Does LXC support live migration yet?


----------



## wlanboy (Feb 22, 2014)

I think that more people would use it if they know that LXC is supporting resource limits.

One of the reasons why a lot of people choosed OpenVZ.

The other reason is the support of SolusVM.

Cloudmin does support LXC but SolusVM does not even mind.

You have to be able to easily sell your stuff and the mainstream solution is SolusVM.

KVM (like XEN) currently benefit from the lack of current OpenVZ kernels.

KVM was about running Windows but is now known for running BSD and current linux kernels (and for the better dedicated resource allocation).


----------



## peterw (Feb 24, 2014)

I search for a panel which can work with LXC but did not find one. I will now try Cloudmin.


----------



## Taronyu (Feb 24, 2014)

peterw said:


> I search for a panel which can work with LXC but did not find one. I will now try Cloudmin.


Lxc panel? Jarland wrote a tutorial about it: http://jarland.me


Send from my iOCEAN X7 using Tapatalk.


----------



## Magiobiwan (Feb 24, 2014)

Rallias had done some work on an LXC module for Feathur. It's pretty easy to make Feathur modules and assuming there's a good control interface API (like vzctl for OpenVZ) for LXC it shouldn't be that hard.


----------



## 5n1p (Feb 24, 2014)

LXC web panel does not work for LXC 1.0, that panel is for versions below 0.9. Lets hope they update it soon.


----------



## Taronyu (Feb 25, 2014)

5n1p said:


> LXC web panel does not work for LXC 1.0, that panel is for versions below 0.9. Lets hope they update it soon.

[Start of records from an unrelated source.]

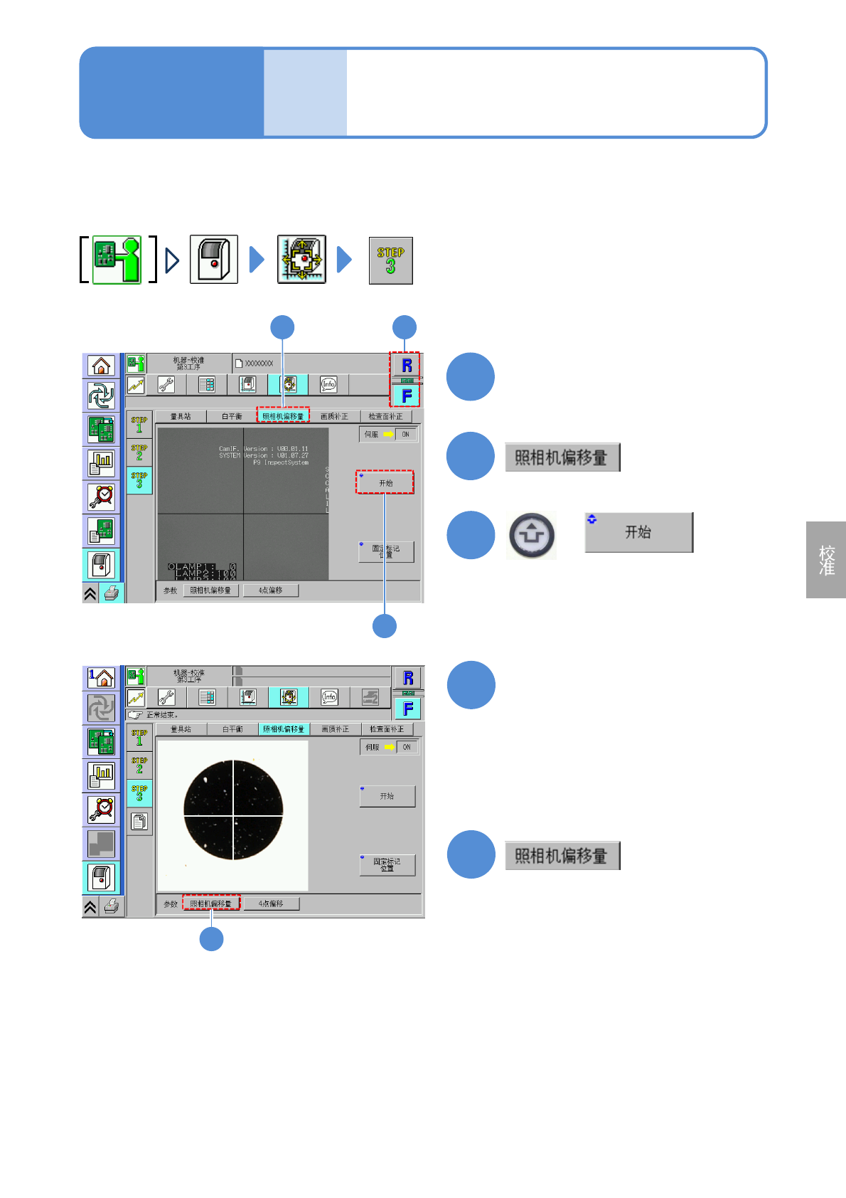 (检查头开始动作,计测照相机的偏移量)
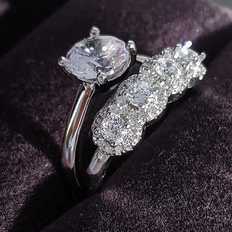 送料無料 2022シルバーカラー花嫁ジュエリースターリングシルバー婚約と結婚指輪セットカップルリングR5501 銀 アクセサリー AE00116672446988315
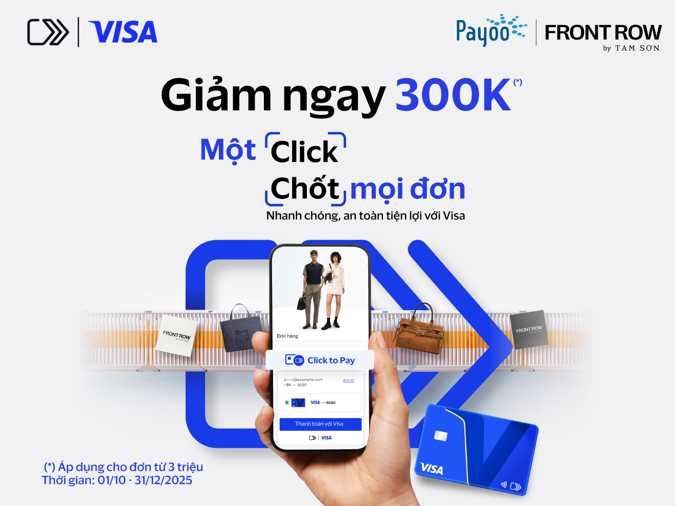 Chỉ với một cú click, khách hàng đã bước vào thế giới hàng hiệu đẳng cấp của Tamson Fashion, nơi hội tụ những thiết kế tinh tế từ các thương hiệu quốc tế danh tiếng, từ bộ vest lịch lãm, váy dạ hội sang trọng cho đến phụ kiện thời thượng. Mỗi lần “chốt đơn” tại nền tảng bán lẻ Front Row của Tamson Fashion nay càng thêm hứng khởi với ưu đãi gảm ngay 300.000 đồng cho đơn hàng từ 3.000.000 đồng khi thanh toán bằng Click to Pay | Visa qua cổng thanh toán Payoo.
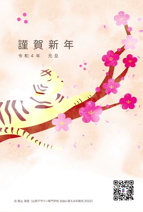 自身の年賀状デザインに動きをつけた作品です。金運上昇のシンボルである虎や七宝に、財や人との繋がりが豊かな年になりますようにという思いを込めています。
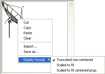In addition to standard editing commands (Cut, Copy, Paste and Clear), the menu also contains the Import... command, which can be used to import a picture stored in a file, as well as the Save as... command, which can be used to save the picture to disk. These two commands take advantage of native picture management: they can be used respectively to open and save pictures in any native format supported by 4D. The menu can also be used to modify the display format of the picture: the Truncated non-centered, Scaled to fit and Scaled to fit centered prop. options are provided. The modification of the display format using this menu is temporary; it is not saved with the record. For more information about picture display formats, please refer to GET LIST ITEM PARAMETER.
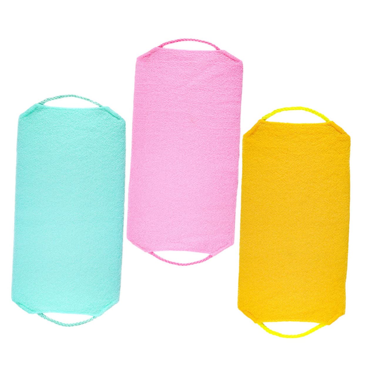 Package List 3 x Back Scrubbers Features -Material:40% Polyester, 40% Nylon, 20% bathing washcloth -Size:55.00X19.50X0.50cm/21.61X7.66X0 exfoliating towel for shower. -Color:Yellow, Blue, Pink skin bath wash towel -This bath towel is easy to store by folding when not in use and will not take up extra space bath towels. -With handle on the both side. This bath towel is enough to easily reach your entire back back scrubber. -This exfoliating bath towel will help you to remove the exfoliation from your skin and prevent your body from producing oil clogs loofah scrub. -This bath towel is made of good and harm free material, which will last for a time loofah exfoliator. -You can use this towel to help exfoliate your back. This way your skin will look very smooth after the shower exfoliating towel. Goods Description shower scrubber Are you looking for a good bathing tool? Our bath towel is a good choice.Loofah Face Brush This bath towel is made of good material, which will last for a time.bath cloth towel This way your skin will look very smooth after the shower.bathing scrubber You can use this back scrubber towel to help exfoliate your back

Ahh... that explains why I couldn't get it to work.


Send from my iOCEAN X7 using Tapatalk.


----------



## wlanboy (Feb 25, 2014)

5n1p said:


> LXC web panel does not work for LXC 1.0, that panel is for versions below 0.9. Lets hope they update it soon.


Good to know - so I am not updating yet.


----------



## 5n1p (Feb 25, 2014)

wlanboy said:


> Good to know - so I am not updating yet.


Since you know ruby good this could be good starting point to build your own panel, here are ruby bindings:

https://github.com/lxc/ruby-lxc


----------



## pechspilz (Apr 21, 2014)

LXC Web Panel for Ubuntu 14.04 / LXC 1.0:

http://trick77.com/2014/04/21/lxc-1-0-web-panel-ubuntu-14-04/


----------



## peterw (Apr 22, 2014)

pechspilz said:


> LXC Web Panel for Ubuntu 14.04 / LXC 1.0:
> 
> http://trick77.com/2014/04/21/lxc-1-0-web-panel-ubuntu-14-04/


So this is the current working fork: https://github.com/trick77/LXC-Web-Panel


----------



## Neo (Apr 22, 2014)

I heard LXC has less features then OpenVZ and less settings where you can limit containers etc.. so its basically a step back.


----------



## pechspilz (Apr 22, 2014)

peterw said:


> So this is the current working fork: https://github.com/trick77/LXC-Web-Panel


I'd go with this one:

https://github.com/claudyus/LXC-Web-Panel

The changes from the other repo have already been committed into claudyus' fork.

@Neo: That may be true from a provider's point of view. But for your own experiments, LXC is da bomb.


----------